──────── Information provided

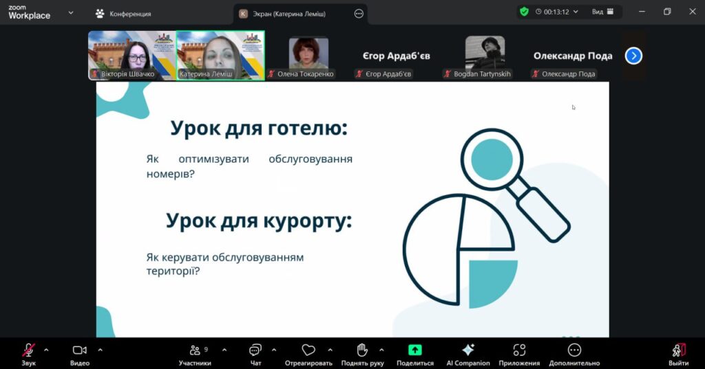Кафедра економіки, менеджменту та фінансів провела інтегрований онлайн-захід науково-практичних гуртків «Менеджери XXI століття» та «Студентський туристичний хаб» за участю студентів освітньо-професійних програм «Менеджмент», «Менеджмент готельного, курортного та туристичного сервісу», «Менеджмент організацій», спрямований на формування у здобувачів освіти системного бачення інноваційного розвитку підприємств готельно-курортного та туристичного сервісу на основі аналізу кращих світових практик.
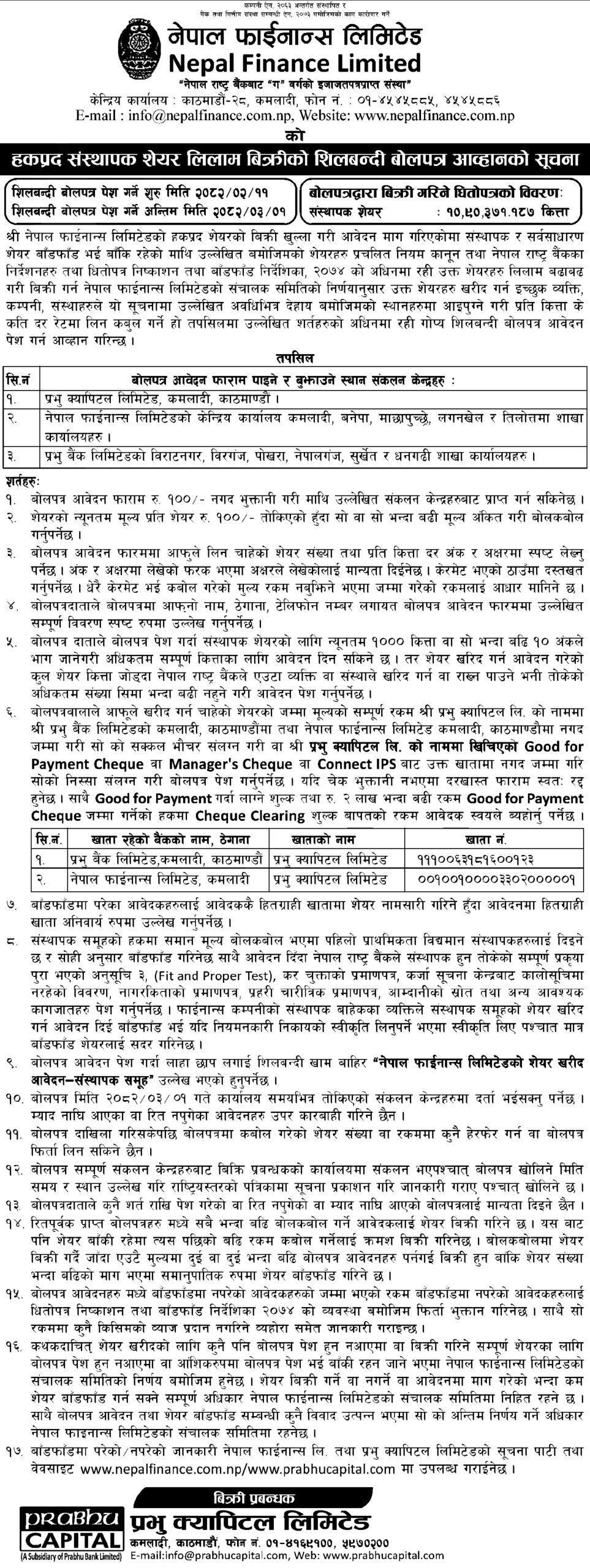 काठमाडौं । नेपाल फाईनान्स लिमिटेडले अवितरित १० लाख ९० हजार ३७१.१८७ कित्ता संस्थापक शेयर सबैले किन्न पाउने गरी लिलाम बिक्रीमा राखेको छ।
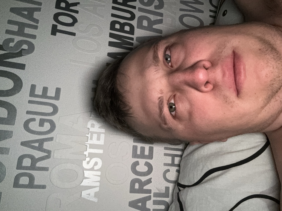 A man's face is captured close-up. His skin tone is fair, with visible stubble. He has short, light-brown hair and green eyes. He is lying on a pillow with black stripes on a white background. The background features a gray surface covered in the names of cities like London, Prague, Amsterdam, and Barcelona in different shades. The image is slightly rotated.

────────────────

All that should be printed is the lines from the one containing "काठमाडौं । नेपाल" through the last line of the material above, both ends included, exactly as they stand; please skip the pictures.

 काठमाडौं । नेपाल फाईनान्स लिमिटेडले अवितरित १० लाख ९० हजार ३७१.१८७ कित्ता संस्थापक शेयर सबैले किन्न पाउने गरी लिलाम बिक्रीमा राखेको छ।
 A man's face is captured close-up. His skin tone is fair, with visible stubble. He has short, light-brown hair and green eyes. He is lying on a pillow with black stripes on a white background. The background features a gray surface covered in the names of cities like London, Prague, Amsterdam, and Barcelona in different shades. The image is slightly rotated.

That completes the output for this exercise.